┌─ DATA EXTRACT

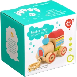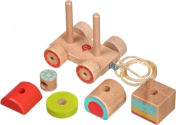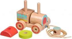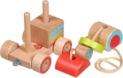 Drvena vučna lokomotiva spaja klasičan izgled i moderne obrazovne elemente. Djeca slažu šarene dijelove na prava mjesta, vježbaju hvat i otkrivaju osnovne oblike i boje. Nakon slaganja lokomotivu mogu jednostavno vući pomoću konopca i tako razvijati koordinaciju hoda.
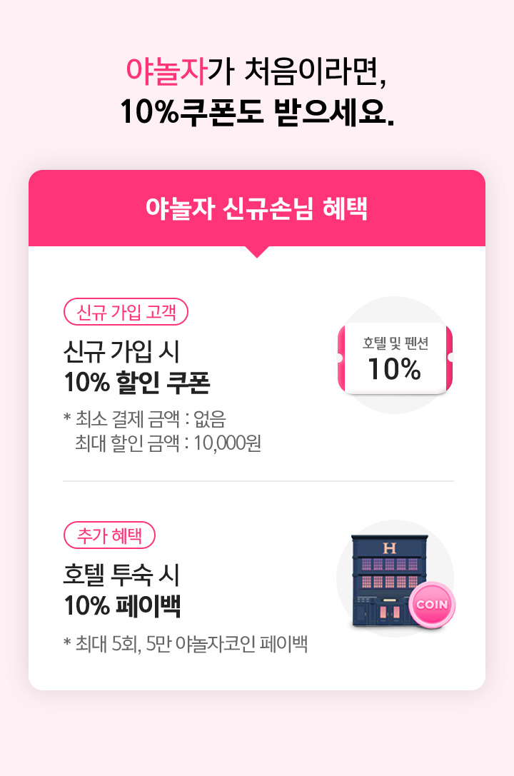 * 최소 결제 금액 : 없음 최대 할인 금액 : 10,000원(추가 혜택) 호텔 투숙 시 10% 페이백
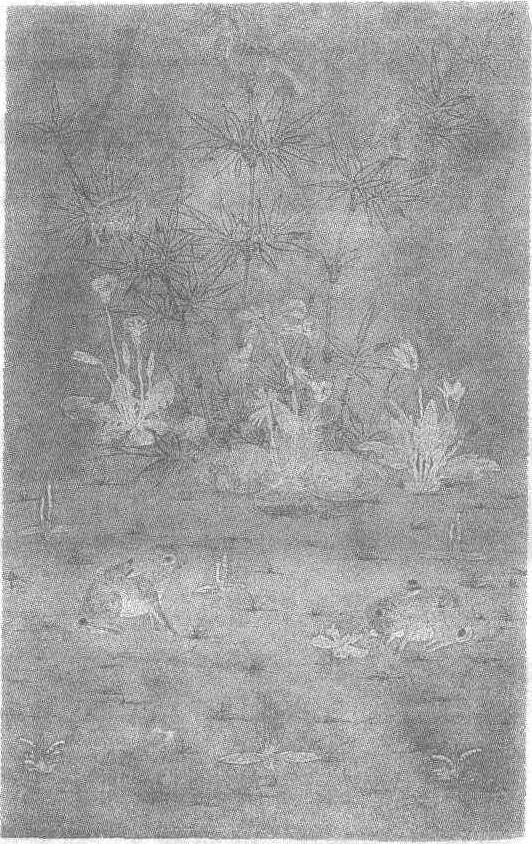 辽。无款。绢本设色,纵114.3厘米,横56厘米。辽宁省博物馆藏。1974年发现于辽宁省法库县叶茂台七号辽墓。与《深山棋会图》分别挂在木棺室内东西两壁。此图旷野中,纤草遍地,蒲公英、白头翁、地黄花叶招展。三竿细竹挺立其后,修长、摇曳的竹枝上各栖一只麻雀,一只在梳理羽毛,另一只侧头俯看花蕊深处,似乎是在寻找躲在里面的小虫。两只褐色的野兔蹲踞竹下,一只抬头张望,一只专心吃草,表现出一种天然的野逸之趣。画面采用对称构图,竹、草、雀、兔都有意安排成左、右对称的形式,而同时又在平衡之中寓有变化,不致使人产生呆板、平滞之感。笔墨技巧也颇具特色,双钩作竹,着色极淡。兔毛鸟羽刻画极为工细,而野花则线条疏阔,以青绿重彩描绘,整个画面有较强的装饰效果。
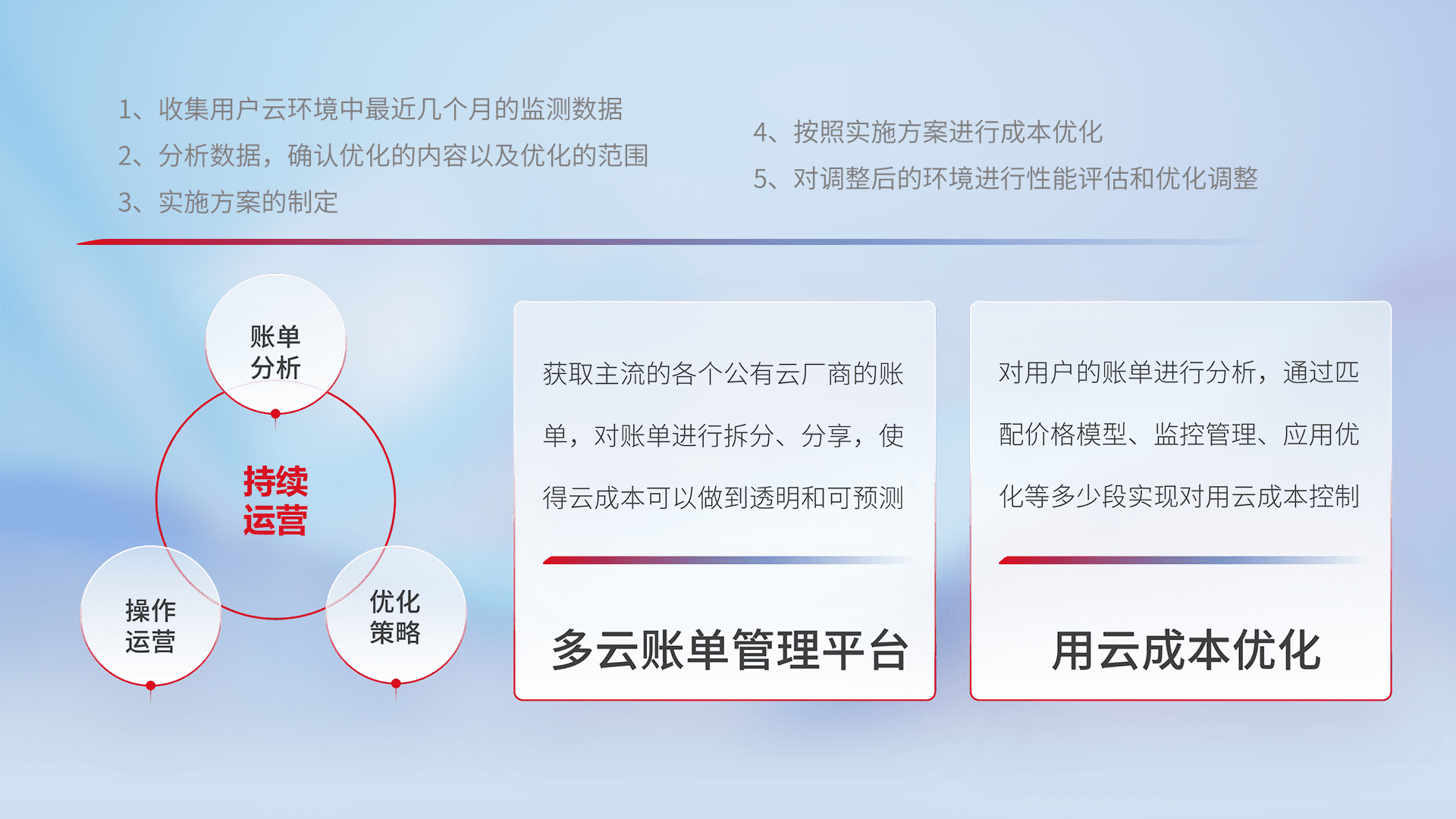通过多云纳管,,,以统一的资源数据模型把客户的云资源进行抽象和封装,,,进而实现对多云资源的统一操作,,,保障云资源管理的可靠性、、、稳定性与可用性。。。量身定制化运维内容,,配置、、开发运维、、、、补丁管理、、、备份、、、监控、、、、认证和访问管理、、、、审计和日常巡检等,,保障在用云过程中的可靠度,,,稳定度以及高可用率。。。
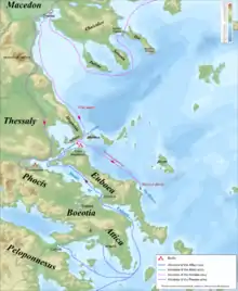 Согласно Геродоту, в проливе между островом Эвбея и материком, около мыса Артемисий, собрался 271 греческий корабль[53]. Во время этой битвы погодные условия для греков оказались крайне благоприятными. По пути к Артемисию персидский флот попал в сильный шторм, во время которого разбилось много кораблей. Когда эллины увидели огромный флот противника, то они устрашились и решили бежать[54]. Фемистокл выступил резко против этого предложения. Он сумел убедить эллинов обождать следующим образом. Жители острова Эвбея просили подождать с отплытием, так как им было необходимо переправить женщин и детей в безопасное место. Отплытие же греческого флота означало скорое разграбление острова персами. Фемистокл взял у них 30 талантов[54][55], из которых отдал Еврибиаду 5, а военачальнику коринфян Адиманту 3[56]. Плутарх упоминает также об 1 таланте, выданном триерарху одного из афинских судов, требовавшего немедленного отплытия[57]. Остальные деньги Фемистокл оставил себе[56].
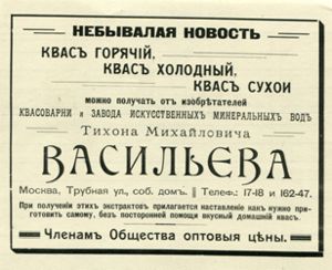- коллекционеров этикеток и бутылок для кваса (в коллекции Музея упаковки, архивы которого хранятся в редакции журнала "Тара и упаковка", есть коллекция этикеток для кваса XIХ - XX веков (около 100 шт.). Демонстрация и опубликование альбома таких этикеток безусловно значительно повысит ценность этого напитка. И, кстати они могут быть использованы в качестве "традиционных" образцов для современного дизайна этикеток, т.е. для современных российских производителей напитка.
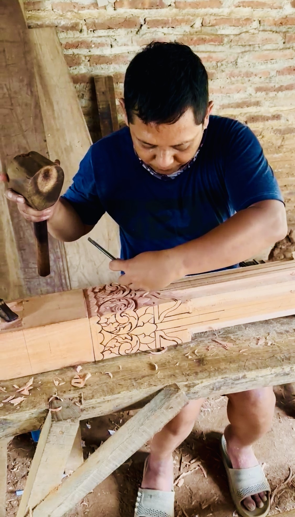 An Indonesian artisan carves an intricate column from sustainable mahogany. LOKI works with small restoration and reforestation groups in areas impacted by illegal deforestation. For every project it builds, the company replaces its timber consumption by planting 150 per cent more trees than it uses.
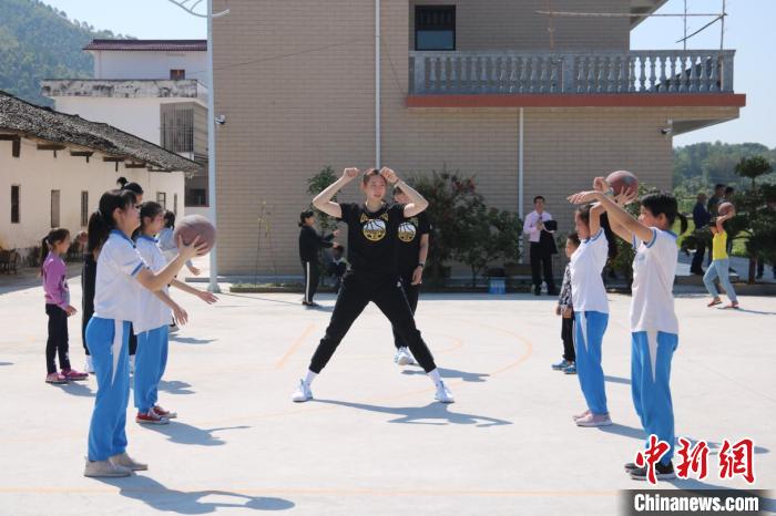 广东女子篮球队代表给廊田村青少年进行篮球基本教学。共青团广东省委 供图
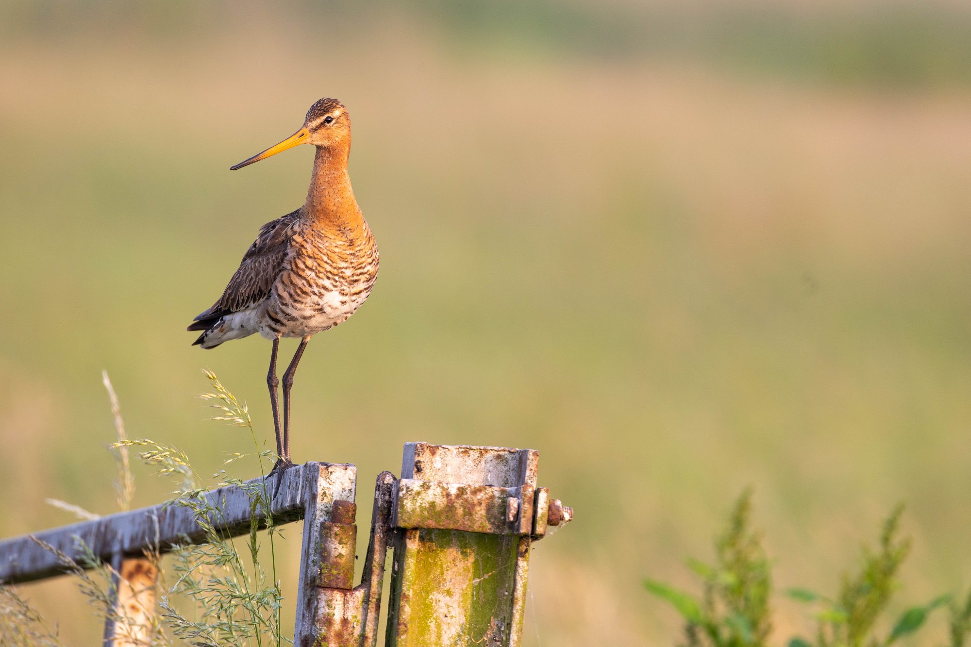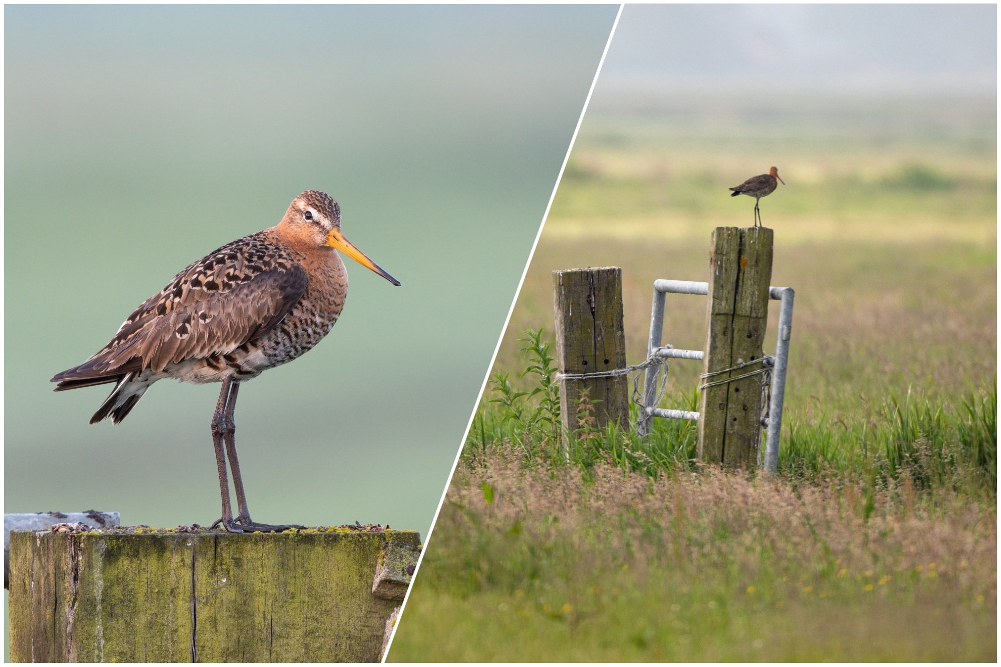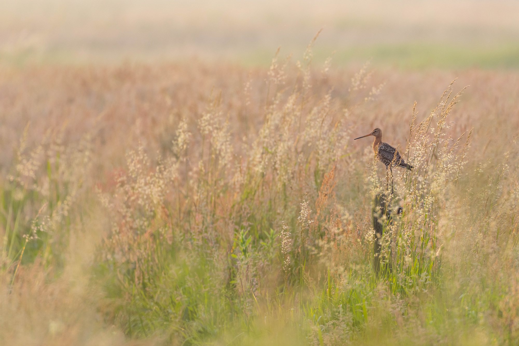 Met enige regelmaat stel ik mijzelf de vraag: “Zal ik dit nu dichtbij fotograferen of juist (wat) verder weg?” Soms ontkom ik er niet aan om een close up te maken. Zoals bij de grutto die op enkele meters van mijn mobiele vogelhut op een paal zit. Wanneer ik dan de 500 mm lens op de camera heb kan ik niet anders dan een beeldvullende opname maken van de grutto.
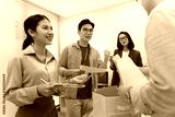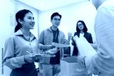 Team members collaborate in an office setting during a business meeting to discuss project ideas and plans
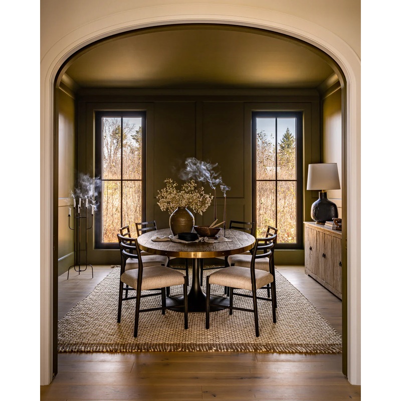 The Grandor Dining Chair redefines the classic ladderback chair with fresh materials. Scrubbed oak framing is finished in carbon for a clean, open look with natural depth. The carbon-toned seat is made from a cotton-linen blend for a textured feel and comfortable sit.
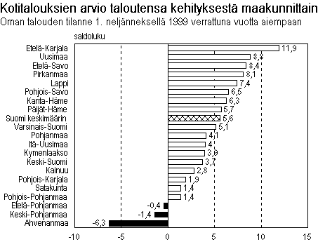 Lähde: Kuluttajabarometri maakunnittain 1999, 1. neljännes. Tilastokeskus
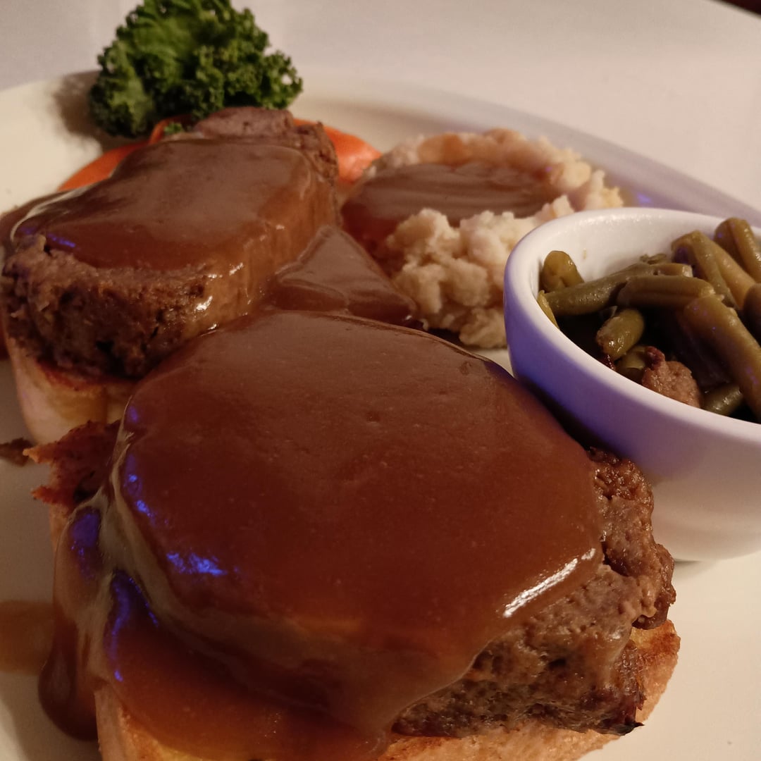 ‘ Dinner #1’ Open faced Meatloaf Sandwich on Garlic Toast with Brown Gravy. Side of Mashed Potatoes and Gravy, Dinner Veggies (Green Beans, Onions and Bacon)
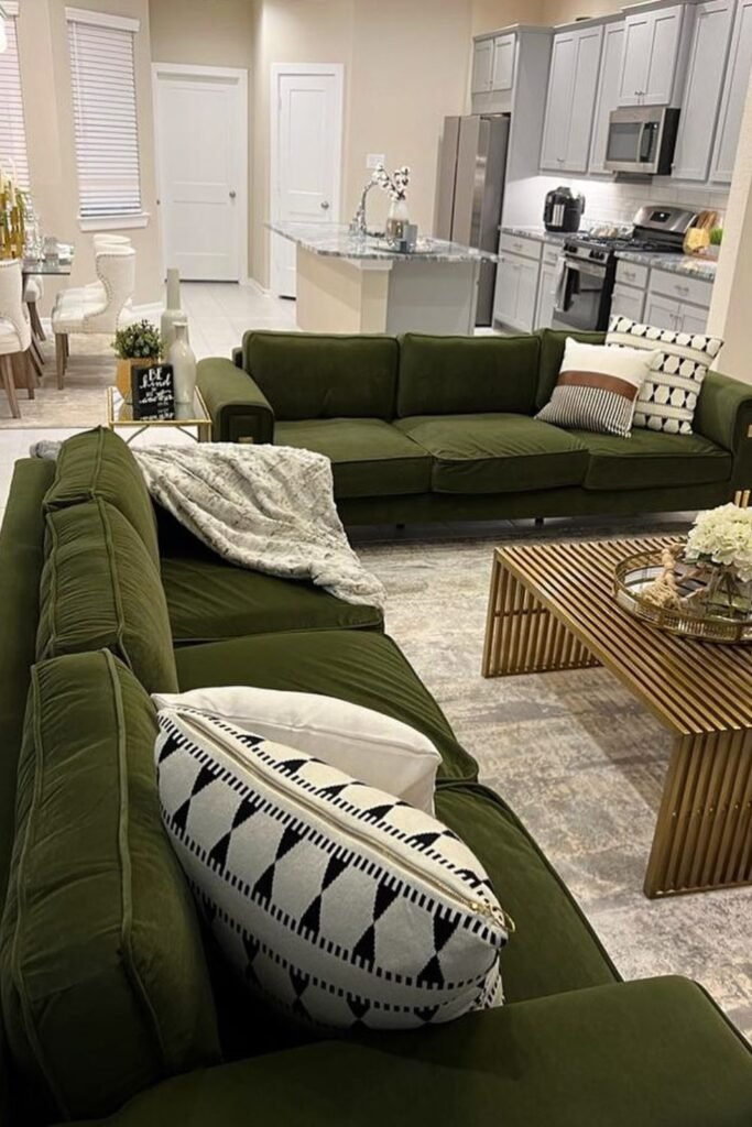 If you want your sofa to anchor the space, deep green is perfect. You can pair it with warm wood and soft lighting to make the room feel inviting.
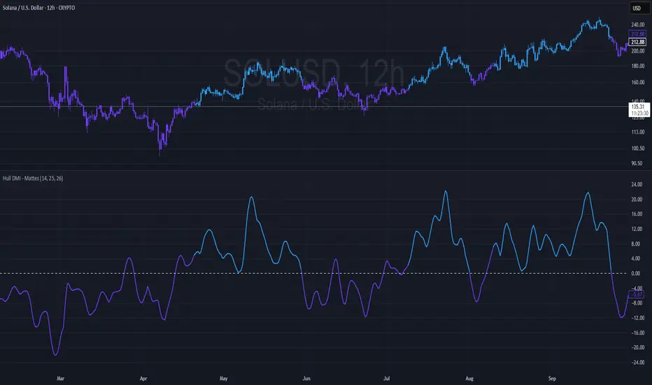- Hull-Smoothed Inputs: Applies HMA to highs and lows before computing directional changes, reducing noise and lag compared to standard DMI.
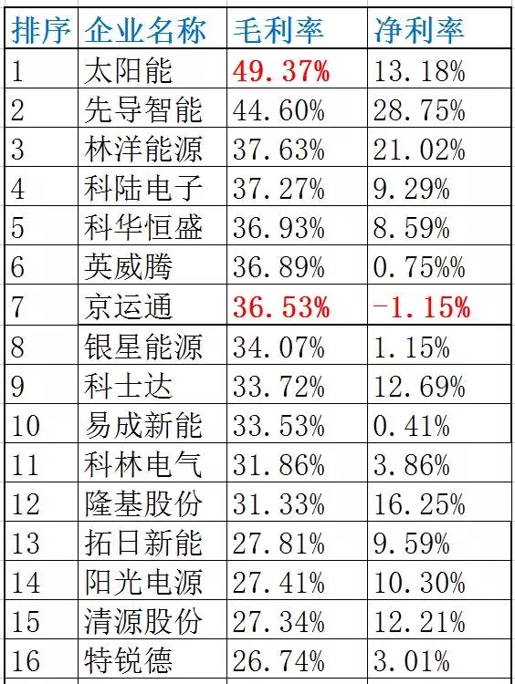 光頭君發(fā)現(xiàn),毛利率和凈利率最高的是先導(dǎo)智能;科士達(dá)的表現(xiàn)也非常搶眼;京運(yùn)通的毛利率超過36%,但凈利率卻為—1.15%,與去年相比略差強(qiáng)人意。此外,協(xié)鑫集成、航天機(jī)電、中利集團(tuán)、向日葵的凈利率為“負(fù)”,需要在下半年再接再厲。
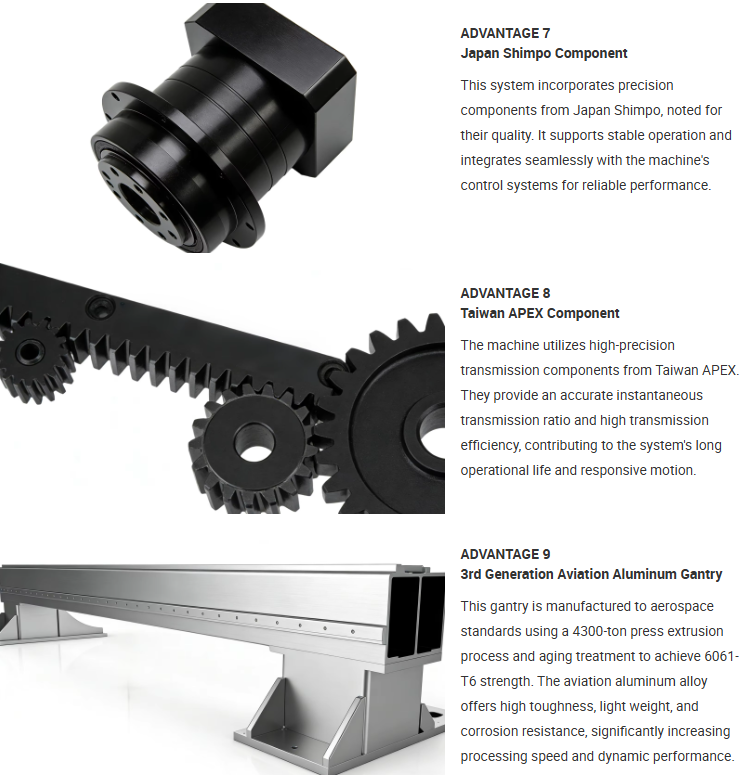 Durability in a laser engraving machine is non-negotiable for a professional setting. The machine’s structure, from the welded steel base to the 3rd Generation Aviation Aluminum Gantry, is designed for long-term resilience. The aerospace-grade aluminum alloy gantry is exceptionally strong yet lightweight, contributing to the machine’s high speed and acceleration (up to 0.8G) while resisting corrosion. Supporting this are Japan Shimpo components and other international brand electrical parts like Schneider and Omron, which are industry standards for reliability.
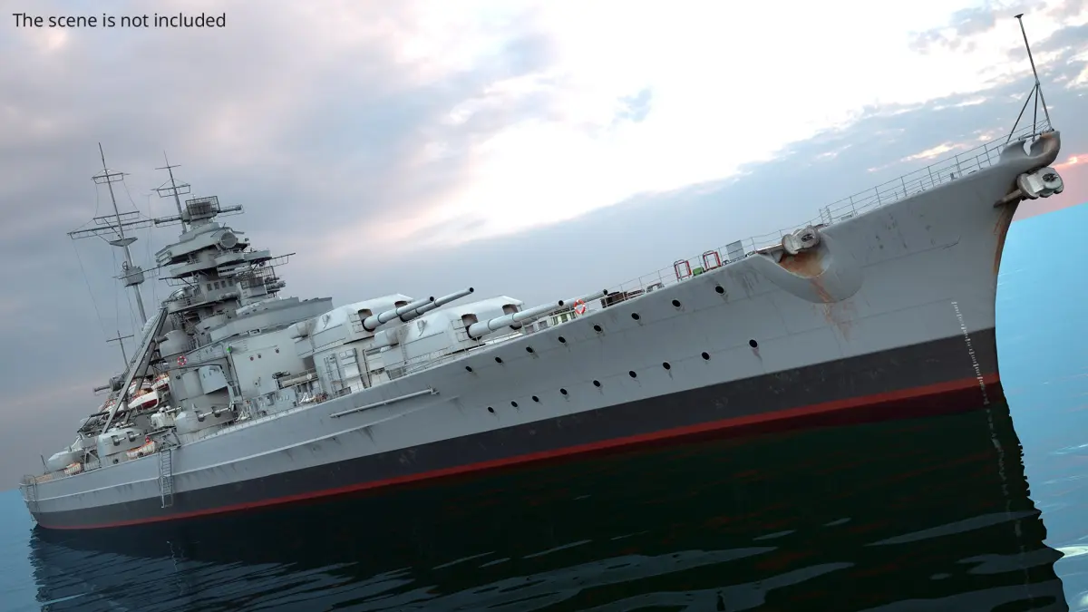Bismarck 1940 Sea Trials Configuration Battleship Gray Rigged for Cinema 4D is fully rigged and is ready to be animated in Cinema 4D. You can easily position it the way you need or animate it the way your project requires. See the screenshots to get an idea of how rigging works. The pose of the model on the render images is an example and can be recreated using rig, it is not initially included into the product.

└─

PROBLEM TO SOLVE
Copy the lines above exactly, starting with the line that contains "通过多云纳管,,,以统一的资" and ending with the line that contains "Согласно Геродоту, в", and leave out any pictures.

EXERCISE OUTPUT
通过多云纳管,,,以统一的资源数据模型把客户的云资源进行抽象和封装,,,进而实现对多云资源的统一操作,,,保障云资源管理的可靠性、、、稳定性与可用性。。。量身定制化运维内容,,配置、、开发运维、、、、补丁管理、、、备份、、、监控、、、、认证和访问管理、、、、审计和日常巡检等,,保障在用云过程中的可靠度,,,稳定度以及高可用率。。。
 Согласно Геродоту, в проливе между островом Эвбея и материком, около мыса Артемисий, собрался 271 греческий корабль[53]. Во время этой битвы погодные условия для греков оказались крайне благоприятными. По пути к Артемисию персидский флот попал в сильный шторм, во время которого разбилось много кораблей. Когда эллины увидели огромный флот противника, то они устрашились и решили бежать[54]. Фемистокл выступил резко против этого предложения. Он сумел убедить эллинов обождать следующим образом. Жители острова Эвбея просили подождать с отплытием, так как им было необходимо переправить женщин и детей в безопасное место. Отплытие же греческого флота означало скорое разграбление острова персами. Фемистокл взял у них 30 талантов[54][55], из которых отдал Еврибиаду 5, а военачальнику коринфян Адиманту 3[56]. Плутарх упоминает также об 1 таланте, выданном триерарху одного из афинских судов, требовавшего немедленного отплытия[57]. Остальные деньги Фемистокл оставил себе[56].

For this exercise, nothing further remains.